Last edited by LuminousTruth; 04-08-2015 at 12:56 AM..
Listen to this interview. Yes, I'm sure there are good members. But the cult's structure is not so nice as more common religions. Giving support to a cult, so as to keep spiritual freedoms of so called more caring religions is just a cop out.
Just because you call yourself a religion does not make you a religion. $cientology is not a religion, its not even a real cult! its a money making machine. Multi-level-marketing at its finest! that's why I feel its tax exempt status should be revoked. Nothing to do with the case for other real? religions to have tax exempt status removed.

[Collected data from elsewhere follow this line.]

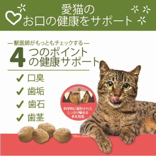 科学的に設計されたしっかり噛める多孔性粒が特長の猫用ハミガキおやつ。乳酸菌・クランベリー配合。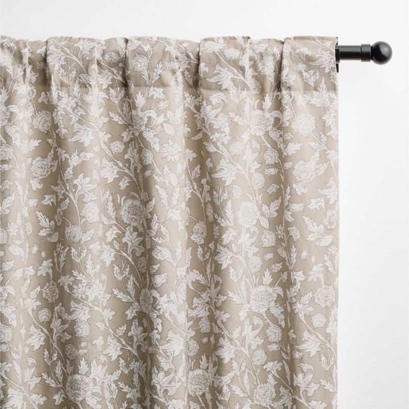 Natural Beige Floral Organic Cotton Linen Window Curtain Panel 52"x84"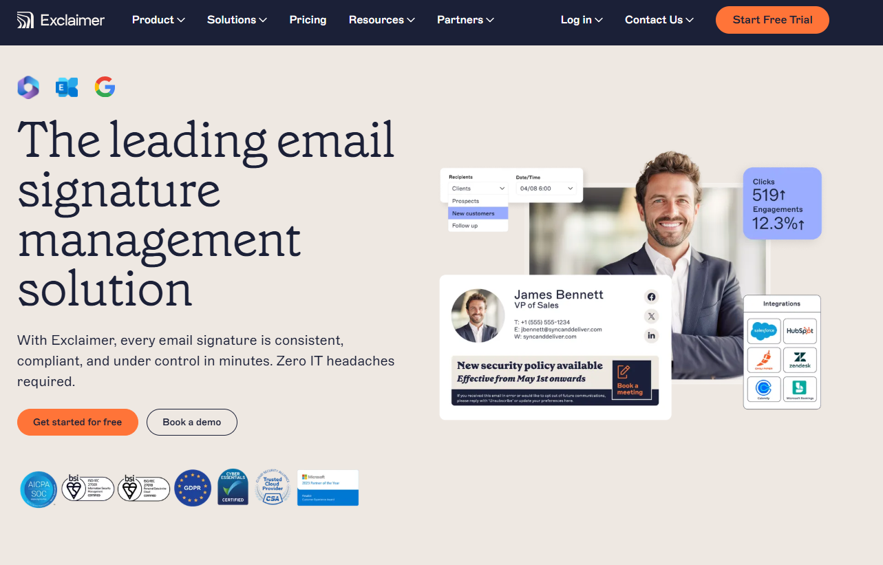 Exclaimer is the leading provider of email signature management solutions for Microsoft and Google email services. Its scalable cloud-based platform enables organizations to centrally manage and automate email signatures, ensuring regulatory compliance, operational efficiency, and brand consistency. Built for IT teams, Exclaimer simplifies administration by eliminating manual updates, reducing security risks, and maintaining full control over corporate email communications.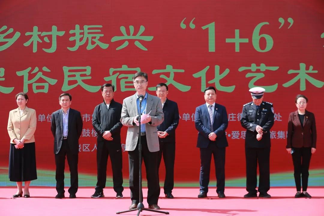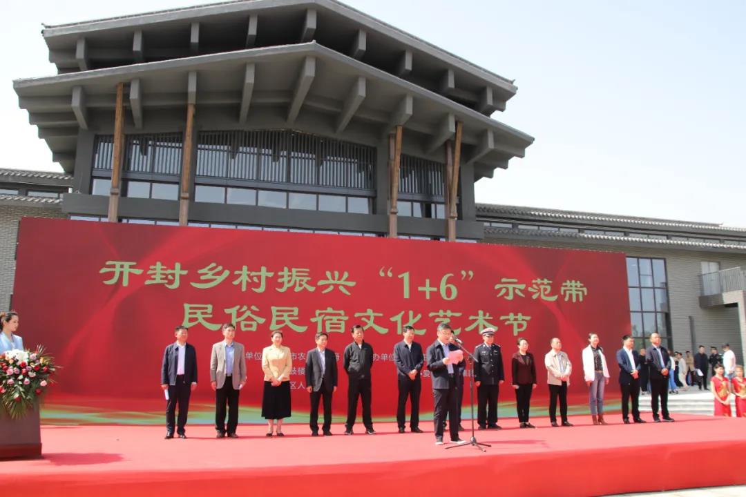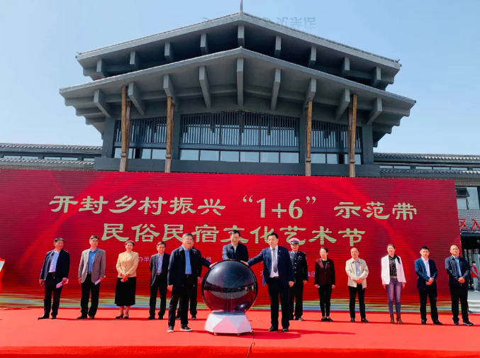 2021年4月30日上午,开封乡村振兴“1+6”示范带民俗民宿文化艺术节开幕式在开封市鼓楼区余店村举行。开封市委副书记秦保强,市直有关单位负责同志、鼓楼区四大班子领导,开封金控投资集团有限公司党委书记、董事长荆毅民,河南大宏·爱思嘉农旅集团董事长郭大宏等出席活动。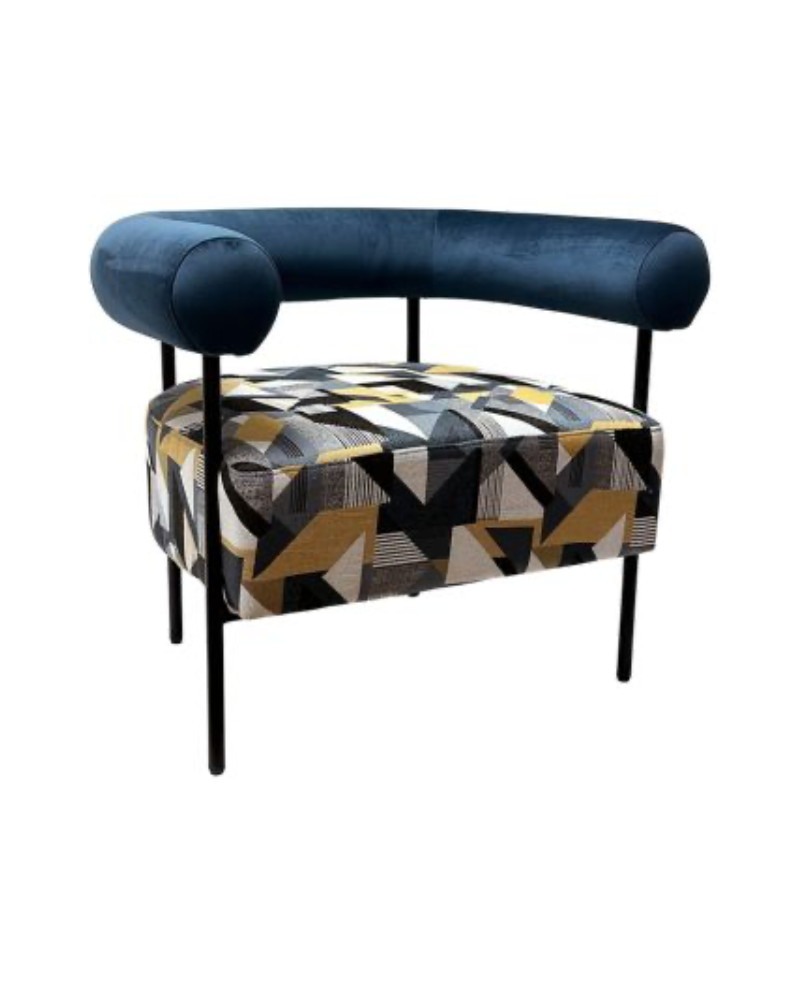 Ce fauteuil dans les tons bleu, jaune et gris est très moderne avec ses formes géométriques.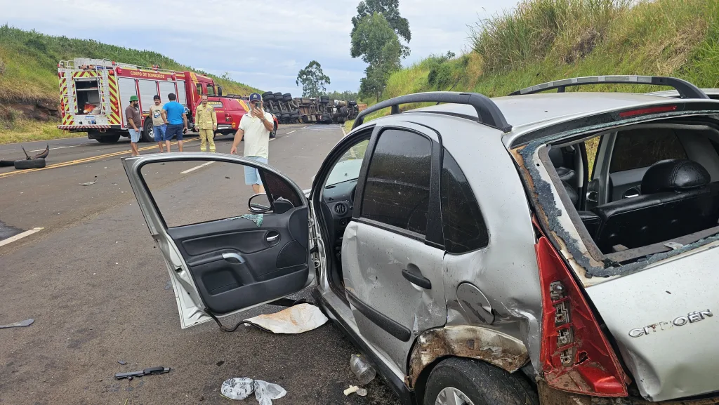 A colisão envolveu uma carreta Scania, carregada com bobinas de papel, que havia saído de Telêmaco Borba, da fábrica da Klabin, com destino a Foz do Iguaçu, e um veículo Citroën, ocupado por pessoas que saíram de Marialva e seguiam para Faxinal.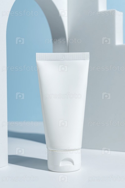 Концепция продукта красоты. Белый тюбик крема на синем фоне. Передний план. Модная витрина с жестким светом. Небрендовая упаковка
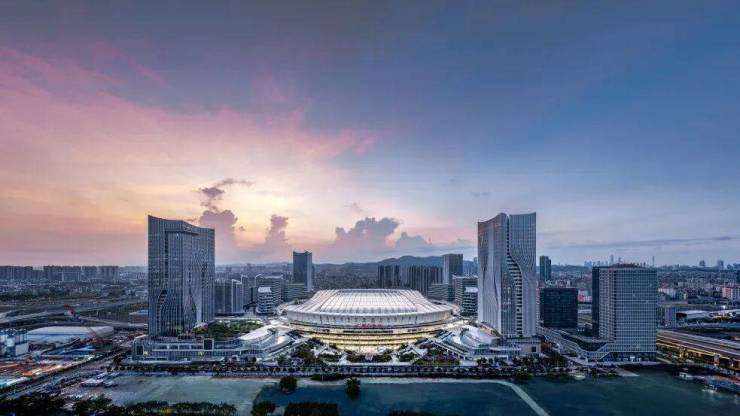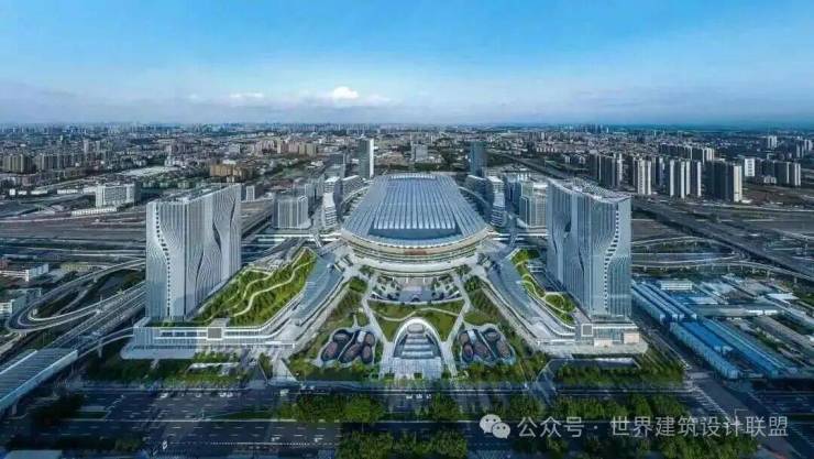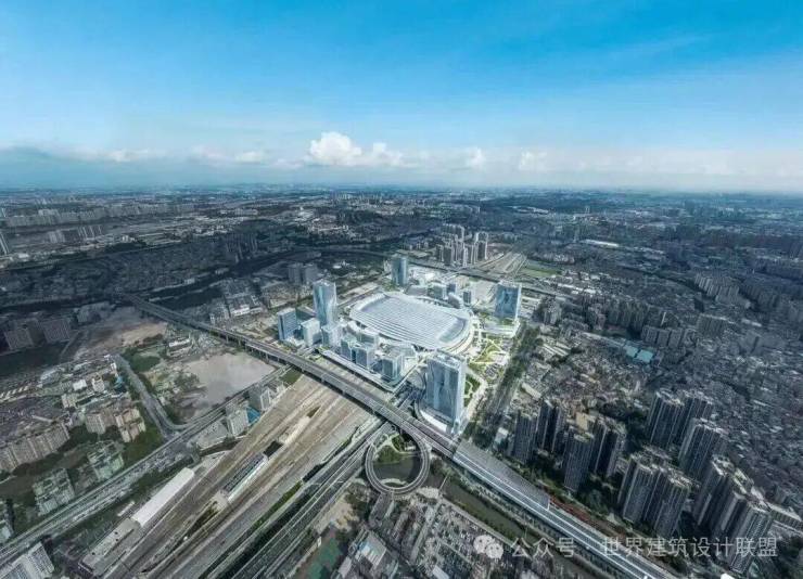 作为广州白云站一体化建设的重要组成部分,粤胜广场总建筑面积22万平方米,包含4栋超高层塔楼,集商务办公、居住、酒店、商业、休闲娱乐于一体。项目由何镜堂院士联合日建设计等团队,以“云山珠水,水润木棉”为理念设计,将岭南特色融入现代交通建筑。

Just because you call yourself a religion does not make you a religion. $cientology is not a religion, its not even a real cult! its a money making machine. Multi-level-marketing at its finest! that's why I feel its tax exempt status should be revoked. Nothing to do with the case for other real? religions to have tax exempt status removed.
Who is to judge what a real religion is? Traditional Christian churches who demand 10% of each member's income, have preachers living in mansions and driving Mercedes, and who build flashy multi million dollar establishments are not money making machines also? Different religions, dressed in different clothes with similar underlying mechanics that make them tick.
I do understand the arguments for making Scientology either a special case or a soft target for particular revocation of religion - status and thus tax exemption status or as a first step in bagging 'them all'; and I shall be watching with interest to see whether such an effort can be made to stick, if it gets anywhere near an effort. I doubt whether it can but, I could be wrong and, if I am and Scientology is struck off the list of recognized religions (1) I shall also not be adding my name to a protest letter demanding its reinstatement.
(1) I shall have to track down Dan McClellan and let him know what the definition turned out to be
If this pertains to one church, it pertains to ALL of them. Down with hypocrisy and religious discrimination.
Like many others here I don't see Scientology as a religion or at least not as a relatively good religious "citizen" and thus don't see rescinding a flawed decision to grant them religious status as picking on either them, or religion.
On the other hand, what I will argue across the board for all religious organizations is that they should only have tax exemptions for charitable activities that benefit society and are free of proselytization or other forms of coercion or attached strings. So a tax exemption for running a soup kitchen or food pantry or a battered woman shelter is one thing; a tax exemption for a worship facility, no.
On that basis one could accomplish my desired outcome for Scientology, since virtually NONE of it would qualify on that basis for tax exemption. Whereas others would get partial exemption.
The problem of course is the endless touche-kicking contests about what constitutes "charitable activities", "proselytization", "benefit" and "coercion". and who gets to decide, etc. The current system has the elegance of simplicity and relative ease of enforcement. Any attempt to be more nuanced will be imperfect and will produce tremendous pressure for exceptions and in the end it will become just like the current tax system -- exemptions will abound, the law books will grow thick, and even experts won't be sure how to apply the byzantine rules to edge cases.
So then I'm willing to say, to heck with it, just invert the current system that gives blanket exemptions to religious organizations, and STOP doing it ALTOGETHER. That's am imperfect system too, but it solves way more problems than it creates and no one can claim it's not uniformly applied.
Which brings us back to what is doable politically, which is not such sweeping reform, and we are left with the question of what to do to counter the obvious harms of Scientology, and back to arguing (successfully I think) that it is so insincere and exploitive and lacking in transparency that it has lost the earned privilege of being granted religious status -- if in fact it ever earned it in the first place.